**Supplied entries**.
»»
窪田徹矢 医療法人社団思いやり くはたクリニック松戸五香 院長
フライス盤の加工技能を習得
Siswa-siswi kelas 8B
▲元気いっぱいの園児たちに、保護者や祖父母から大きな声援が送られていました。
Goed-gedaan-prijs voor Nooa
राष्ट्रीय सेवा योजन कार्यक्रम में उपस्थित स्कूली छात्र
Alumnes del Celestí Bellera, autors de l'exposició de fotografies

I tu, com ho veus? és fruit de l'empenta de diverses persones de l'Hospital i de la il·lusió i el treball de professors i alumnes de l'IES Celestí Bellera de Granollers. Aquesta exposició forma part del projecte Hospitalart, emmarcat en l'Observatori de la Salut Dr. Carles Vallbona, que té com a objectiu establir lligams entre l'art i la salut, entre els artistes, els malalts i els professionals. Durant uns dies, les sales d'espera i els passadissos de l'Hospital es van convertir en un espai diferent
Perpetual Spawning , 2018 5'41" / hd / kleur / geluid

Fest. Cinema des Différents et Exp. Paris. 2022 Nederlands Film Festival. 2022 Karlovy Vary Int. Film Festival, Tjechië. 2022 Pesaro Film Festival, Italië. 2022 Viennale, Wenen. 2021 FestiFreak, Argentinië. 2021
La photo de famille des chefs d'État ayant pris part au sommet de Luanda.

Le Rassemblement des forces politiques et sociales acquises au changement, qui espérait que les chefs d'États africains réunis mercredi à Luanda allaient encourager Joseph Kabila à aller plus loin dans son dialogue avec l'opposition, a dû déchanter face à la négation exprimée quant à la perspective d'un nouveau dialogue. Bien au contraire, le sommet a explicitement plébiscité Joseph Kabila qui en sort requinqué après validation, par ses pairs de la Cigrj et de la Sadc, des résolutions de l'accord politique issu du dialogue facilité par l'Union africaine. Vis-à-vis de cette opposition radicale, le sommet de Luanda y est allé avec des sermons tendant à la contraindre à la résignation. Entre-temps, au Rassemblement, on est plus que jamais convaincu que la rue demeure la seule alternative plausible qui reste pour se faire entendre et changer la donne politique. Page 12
««
»»
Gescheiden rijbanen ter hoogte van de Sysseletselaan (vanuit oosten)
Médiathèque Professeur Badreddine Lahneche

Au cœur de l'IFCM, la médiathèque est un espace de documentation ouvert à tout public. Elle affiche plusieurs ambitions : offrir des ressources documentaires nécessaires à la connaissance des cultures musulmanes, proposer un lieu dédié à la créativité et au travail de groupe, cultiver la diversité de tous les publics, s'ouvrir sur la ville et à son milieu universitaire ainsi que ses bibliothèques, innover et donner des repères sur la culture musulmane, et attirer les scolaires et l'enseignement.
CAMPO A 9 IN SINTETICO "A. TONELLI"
««
»»
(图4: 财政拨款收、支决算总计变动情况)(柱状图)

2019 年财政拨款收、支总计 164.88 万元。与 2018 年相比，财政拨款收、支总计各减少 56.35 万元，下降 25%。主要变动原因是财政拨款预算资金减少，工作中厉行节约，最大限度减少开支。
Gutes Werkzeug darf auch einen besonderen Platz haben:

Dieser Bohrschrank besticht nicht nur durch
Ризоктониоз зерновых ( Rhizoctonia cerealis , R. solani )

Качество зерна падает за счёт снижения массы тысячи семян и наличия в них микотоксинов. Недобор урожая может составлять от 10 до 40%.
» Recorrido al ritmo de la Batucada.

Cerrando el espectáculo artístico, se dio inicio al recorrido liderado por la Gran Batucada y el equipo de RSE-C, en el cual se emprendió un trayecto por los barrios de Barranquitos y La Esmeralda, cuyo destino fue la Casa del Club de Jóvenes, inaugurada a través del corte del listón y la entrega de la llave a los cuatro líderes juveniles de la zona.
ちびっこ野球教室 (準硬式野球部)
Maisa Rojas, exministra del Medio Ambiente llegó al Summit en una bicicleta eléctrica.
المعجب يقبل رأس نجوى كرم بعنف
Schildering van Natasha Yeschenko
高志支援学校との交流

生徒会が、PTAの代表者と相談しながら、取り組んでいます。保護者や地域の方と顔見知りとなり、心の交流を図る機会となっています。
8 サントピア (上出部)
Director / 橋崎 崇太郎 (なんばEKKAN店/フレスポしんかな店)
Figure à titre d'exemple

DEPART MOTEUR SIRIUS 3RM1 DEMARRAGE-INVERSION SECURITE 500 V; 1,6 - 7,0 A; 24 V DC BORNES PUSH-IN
««
**What is being asked**. Please transcribe only the lines in the records above running from the line that has "Gescheiden rijbanen ter" through the line that has "CAMPO A 9 IN", both included, exactly as they appear.

**Solution for this task**.
Gescheiden rijbanen ter hoogte van de Sysseletselaan (vanuit oosten)
Médiathèque Professeur Badreddine Lahneche

Au cœur de l'IFCM, la médiathèque est un espace de documentation ouvert à tout public. Elle affiche plusieurs ambitions : offrir des ressources documentaires nécessaires à la connaissance des cultures musulmanes, proposer un lieu dédié à la créativité et au travail de groupe, cultiver la diversité de tous les publics, s'ouvrir sur la ville et à son milieu universitaire ainsi que ses bibliothèques, innover et donner des repères sur la culture musulmane, et attirer les scolaires et l'enseignement.
CAMPO A 9 IN SINTETICO "A. TONELLI"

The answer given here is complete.